On your way to becoming a success magnet, it is important to know what your strengths are and to use them. At the same time, it is just as important to know what your weaknesses are. Once you can recognize and accept your more undeveloped aspects, you can work on them, get help for them and/or have others compensate for you.
One way to look at your weaknesses (and strengths) is by examining your character traits. Possibly you are known to be kind and compassionate but maybe not assertive enough. This is the case of a business owner I am working with who is ready to expand his business and let others do some of the work he has been doing. However, when a customer complains, he immediately acquiesces and does the “grunt work” himself. This is a block to getting his business up to the next level. He needs to learn that very important 2 letter word-NO! Or possibly you are very goal oriented but impatient. Impatience can be detrimental because many successful ventures take time and need lots of tending. A person with not enough patience could sabotage the potential of certain projects or dreams. He could also alienate others and sabotage himself by damaging relationships. Other character traits (or the lack of) to examine are courage, persistence, confidence, self-acceptance, flexibility, integrity, honesty, sociability and calmness.
Another way of conceptualizing your weaknesses and strengths specifically as a business owner is explained in the book, “The E-Myth Revisited,” by Michael E. Gerber. He says that in order for a business to be successful, the business owner needs to be the Technician, Entrepreneur AND Manager. The Technician, which most entrepreneurs start out as, is the part of the person that does the job. For example, as a business coach, I spend time with people coaching them. The Entrepreneur deals with the future, the possibilities and the vision of how he wants his business and life to be. Writing a business plan, writing this article, and networking with others are ways I express my “internal entrepreneur.” The Manager is pragmatic. He is the organizer, the planner, handles past accounts and writes reports. What is your weakest link of the three? Mine is definitely the manager. Being aware of that, I need to set aside time to do those things, otherwise, I will probably conveniently “forget about it.” Also, I may need to surround myself with people that have a strong managerial personality to make up for my relatively weaker managerial personality.

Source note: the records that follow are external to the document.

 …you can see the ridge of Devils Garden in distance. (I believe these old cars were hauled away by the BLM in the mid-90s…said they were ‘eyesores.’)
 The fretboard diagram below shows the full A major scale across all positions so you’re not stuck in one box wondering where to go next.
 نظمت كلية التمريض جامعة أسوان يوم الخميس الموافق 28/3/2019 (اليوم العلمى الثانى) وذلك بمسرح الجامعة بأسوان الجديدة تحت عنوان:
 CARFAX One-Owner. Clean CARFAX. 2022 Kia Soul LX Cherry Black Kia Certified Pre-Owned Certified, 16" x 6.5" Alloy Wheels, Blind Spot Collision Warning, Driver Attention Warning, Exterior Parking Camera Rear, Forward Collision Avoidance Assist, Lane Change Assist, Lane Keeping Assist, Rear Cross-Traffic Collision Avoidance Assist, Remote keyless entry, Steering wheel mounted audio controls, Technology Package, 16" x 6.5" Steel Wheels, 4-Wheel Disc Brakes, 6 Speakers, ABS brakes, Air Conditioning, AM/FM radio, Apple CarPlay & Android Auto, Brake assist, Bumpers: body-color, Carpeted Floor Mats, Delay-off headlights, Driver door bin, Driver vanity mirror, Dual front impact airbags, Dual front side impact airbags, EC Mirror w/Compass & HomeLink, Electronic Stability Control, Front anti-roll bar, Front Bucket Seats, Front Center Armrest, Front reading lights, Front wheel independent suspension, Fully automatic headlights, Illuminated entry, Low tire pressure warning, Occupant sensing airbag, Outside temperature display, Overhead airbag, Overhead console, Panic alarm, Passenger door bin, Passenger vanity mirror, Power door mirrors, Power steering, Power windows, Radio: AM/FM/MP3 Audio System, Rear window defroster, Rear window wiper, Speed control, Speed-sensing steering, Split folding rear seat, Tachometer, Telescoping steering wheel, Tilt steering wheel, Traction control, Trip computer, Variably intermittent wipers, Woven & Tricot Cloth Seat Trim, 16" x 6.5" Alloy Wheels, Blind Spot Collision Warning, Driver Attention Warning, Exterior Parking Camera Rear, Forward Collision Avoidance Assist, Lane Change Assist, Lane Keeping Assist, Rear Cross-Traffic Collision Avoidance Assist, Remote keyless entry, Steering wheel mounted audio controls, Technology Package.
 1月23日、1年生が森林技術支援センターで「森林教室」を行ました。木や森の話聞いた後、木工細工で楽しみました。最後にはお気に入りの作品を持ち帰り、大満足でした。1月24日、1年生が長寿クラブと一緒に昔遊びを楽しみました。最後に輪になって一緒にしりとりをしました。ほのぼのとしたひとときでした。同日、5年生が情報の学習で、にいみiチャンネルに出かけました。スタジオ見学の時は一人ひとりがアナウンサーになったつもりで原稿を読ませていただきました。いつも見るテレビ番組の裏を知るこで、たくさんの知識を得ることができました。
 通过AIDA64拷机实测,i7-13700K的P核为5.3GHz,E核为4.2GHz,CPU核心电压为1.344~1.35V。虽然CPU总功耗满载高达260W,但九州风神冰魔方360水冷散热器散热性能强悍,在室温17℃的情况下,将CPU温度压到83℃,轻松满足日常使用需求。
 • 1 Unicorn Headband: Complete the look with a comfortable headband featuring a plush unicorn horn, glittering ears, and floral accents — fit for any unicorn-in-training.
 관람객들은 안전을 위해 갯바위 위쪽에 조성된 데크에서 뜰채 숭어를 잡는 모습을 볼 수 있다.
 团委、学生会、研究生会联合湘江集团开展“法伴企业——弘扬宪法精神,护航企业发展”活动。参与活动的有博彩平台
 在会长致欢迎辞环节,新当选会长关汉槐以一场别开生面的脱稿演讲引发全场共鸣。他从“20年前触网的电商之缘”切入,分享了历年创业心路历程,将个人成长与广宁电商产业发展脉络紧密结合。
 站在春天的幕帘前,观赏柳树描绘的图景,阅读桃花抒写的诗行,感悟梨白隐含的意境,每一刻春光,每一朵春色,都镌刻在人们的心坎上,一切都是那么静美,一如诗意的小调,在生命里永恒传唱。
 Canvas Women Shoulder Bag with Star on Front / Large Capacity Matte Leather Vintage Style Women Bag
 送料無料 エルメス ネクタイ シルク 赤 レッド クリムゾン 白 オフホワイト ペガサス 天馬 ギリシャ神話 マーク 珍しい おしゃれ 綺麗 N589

Accepting and working on your weakest links is a powerful key to attracting success. You can count on and flaunt your strengths to get you noticed and be competitive. However, avoiding working on your weaknesses would eventually limit your ability to share those gifts and strengths with prospective customers. Focus on strengthening your weak areas and watch how effortlessly and naturally your strengths will lead you to increased success.
We are all defined in a sense by our fears. Our fear is our stopping point which I like to call our edge. We need to embrace our edge, that place where we are afraid to go further. We all have fears and should not pretend that we don’t. For example, I am a psychotherapist who has expanded into being a business consultant and speaker as well. At one point, the idea of going into businesses to help them with team building, employee motivation, etc. immediately put me on my edge. It brought up fear and self doubt. Next, I had to lean beyond my edge and develop the materials and make the contacts to make that happen. Another edge was raising my speaking fees (even though a part of me was gulping and fearing that I raised myself right out of an opportunity!) When on your edge, you are more visible; with more potential for success and failure. There is the feeling of being on an adventure and it is a time of welcoming the unknown.
Our relationships provide many opportunities for developing a breakthrough lifestyle. I challenged a client of mine, who was always the “good child” and never made waves, to enter a family party “high-fiving” everybody in attendance. Most of the family members enjoyed her grand entrance and the few that became concerned by this change in behavior was reassured by my client that she was “just fine.” I challenge my couples to spend time looking into each other’s eyes and a myriad of other behaviors that tear down walls and put the relationship on its edge. Intimate relationships are adventures that are truly not meant for the feint of heart. Successful relating at work also involves a degree of risk and experimenting with new behaviors and perceptions.
Challenge yourself to find and lean over your edge every day. Ask yourself, what am I afraid to reveal about myself or express or do? Find appropriate ways to take that leap. The more you do it, the more success, joy and fulfillment you will have.